Y era entonces cuando el infierno que se creía bajo nuestros pies palidecía y éste,
el que me rodeaba, brillaba cada vez con más intensidad hasta cegarme.

Por: Galia Monzón

Cada quien tenía su propio concepto del infierno; había quienes se adherían al de Alighieri, llamas tan grandes como montañas y tan eternas como el universo. Otros ni siquiera creían en un infierno. Mientras caminaba bajo el sol ardiente, me di cuenta de que no necesitaba morir para saber si había o no un infierno; caminaba en él.

A mí alrededor se alzaban columnas de humo que ahogaban mis pensamientos, con una cacofonía de lamentos e histeria como música de fondo. Los seres que se jactaban de ser pensantes se quitaban las máscaras, y yo prefería no mirar, porque lo que veía en sus ojos me aterraba; celos, hambre de cosas que no podían más que desear, desesperación.

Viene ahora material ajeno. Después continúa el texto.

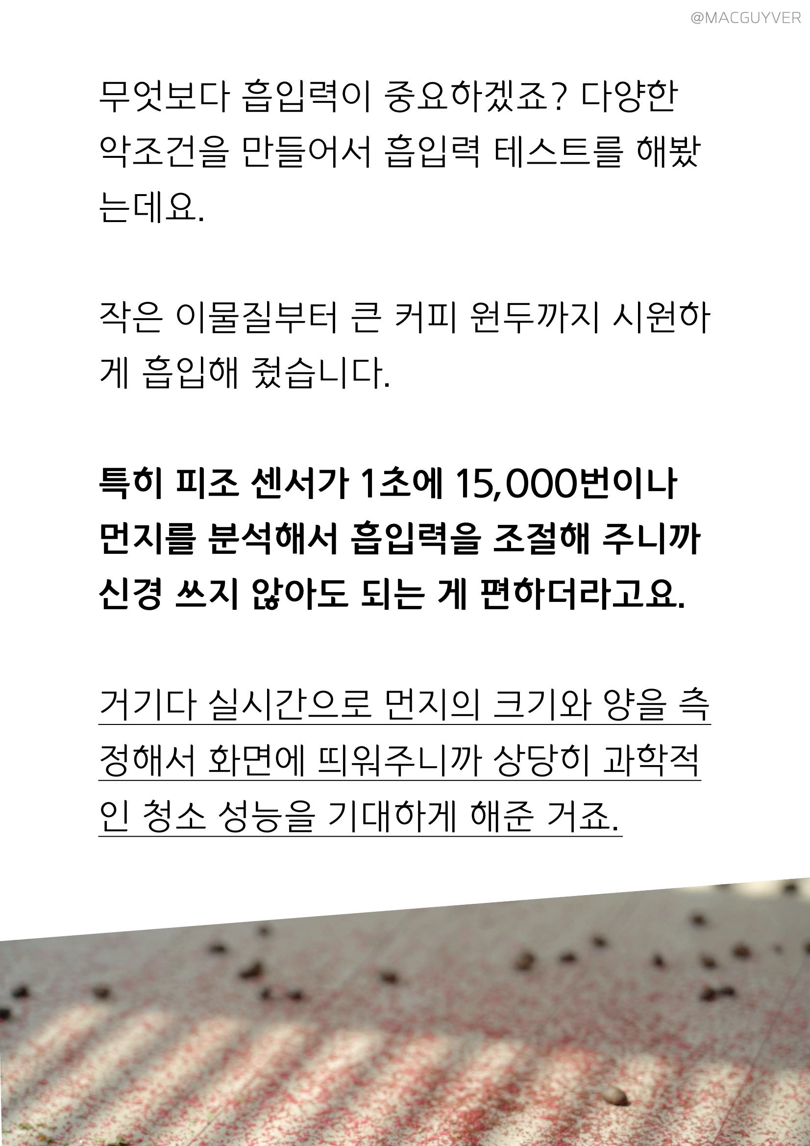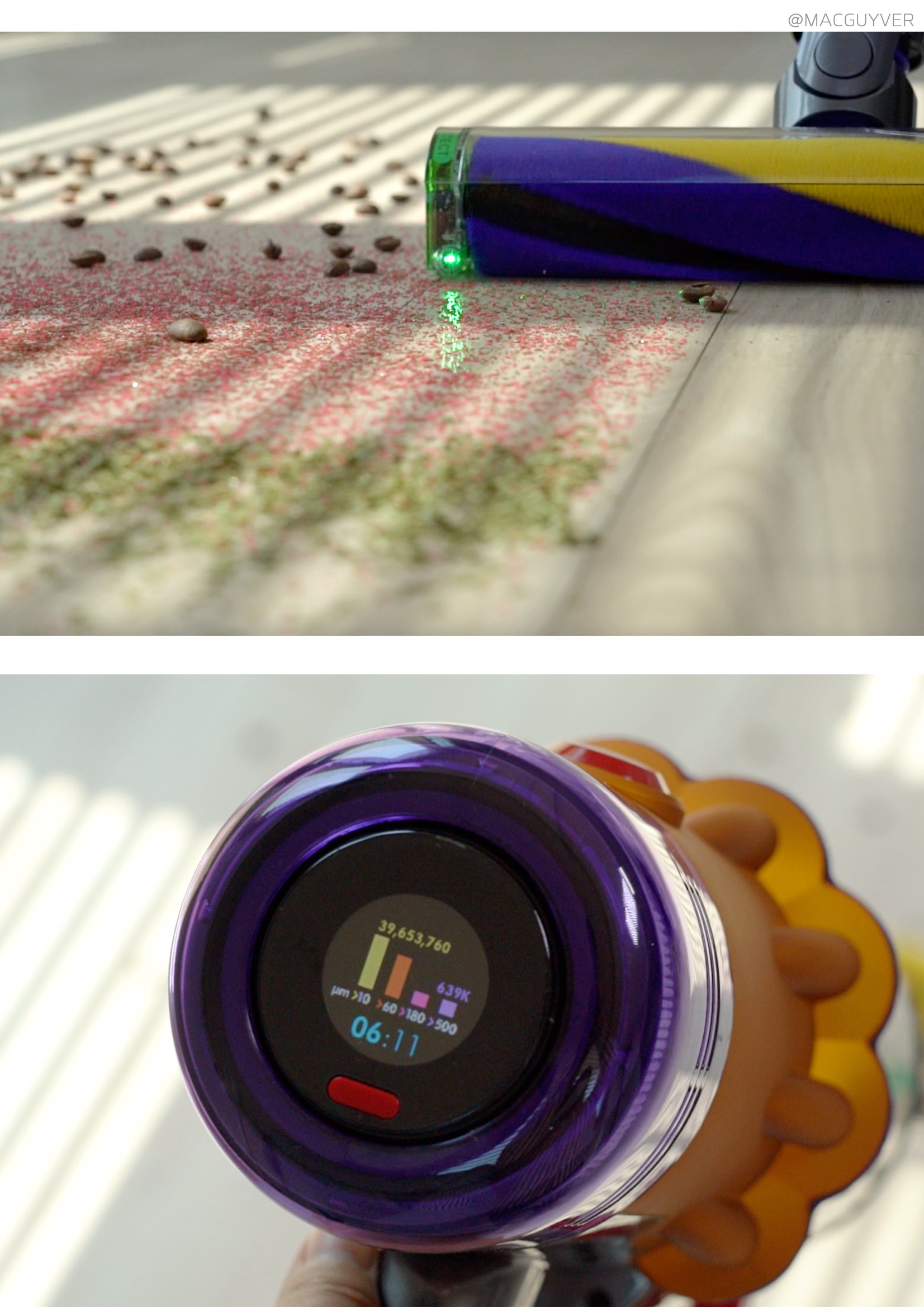 다이슨 V12에서 무엇보다 흡입력이 중요하겠죠? 다양한 악조건을 만들어서 흡입력 테스트를 해봤는데요. 작은 이물질부터 큰 커피 원두까지 시원하게 흡입해 줬습니다. 특히 피조 센서가 1초에 15,000번이나 먼지를 분석해서 흡입력을 조절해 주니까 신경 쓰지 않아도 되는 게 편하더라고요. 거기다 실시간으로 먼지의 크기와 양을 측정해서 화면에 띄워주니까 상당히 과학적인 청소 성능을 기대하게 해준 거죠. 확실히 계속 기본 모드나 부스트 모드로 쓸 때보다, 꼭 필요할 때에만 흡입력을 높여서 더 조용하기도 하고 배터리도 효율적으로 쓸 수 있을 것 같습니다. 혹시나 다이슨청소기 헤어 스크류 툴에 무언가 걸리지 않을까 싶어서 다양한 조건으로 테스트를 해보니까 엉킴 없이 말끔하게 흡입해 줬어요. 브러시에 엉키지 않고, 바로 먼지통으로 이동하더라고요.

Y entonces me hundía más en mí mismo, y mantenía la mirada baja y el alma hasta el suelo.

El infierno son los otros. Lo sabía porque lo había visto muchas veces: cómo dolían sus corazones, cómo se rompían sus alas y cómo se conformaban con descender de las estrellas sin más. “¡La culpa no está en las estrellas, sino en nosotros que nos dignamos a ser inferiores!” Y era entonces cuando el infierno que se creía bajo nuestros pies palidecía y éste, el que me rodeaba, brillaba cada vez con más intensidad hasta cegarme.

Lo único que me aliviaba era mirar el cielo y los colores cambiantes, las formas que creaban las nubes me hacían pensar que quizá no todo estuviese perdido, que tal vez existía una posibilidad de que el paraíso coexistiera con el infierno. Pero no; ¿podían acaso las aguas sostener las llamas en sus manos, o el fuego mirar al mar sin quemarlo?

inferno

¿Y qué? Si ni siquiera me gustaba el lugar que había más allá de esas colinas. No sabía qué había, mas no importaba, con tal de escapar del infierno, ése infierno infinito que sabía acabaría algún día. Entonces todo sería hermoso, y a las flores dejaría de preocuparles que las cortasen, y el viento cantaría todas las canciones que habían sido ignoradas por los seres enmascarados.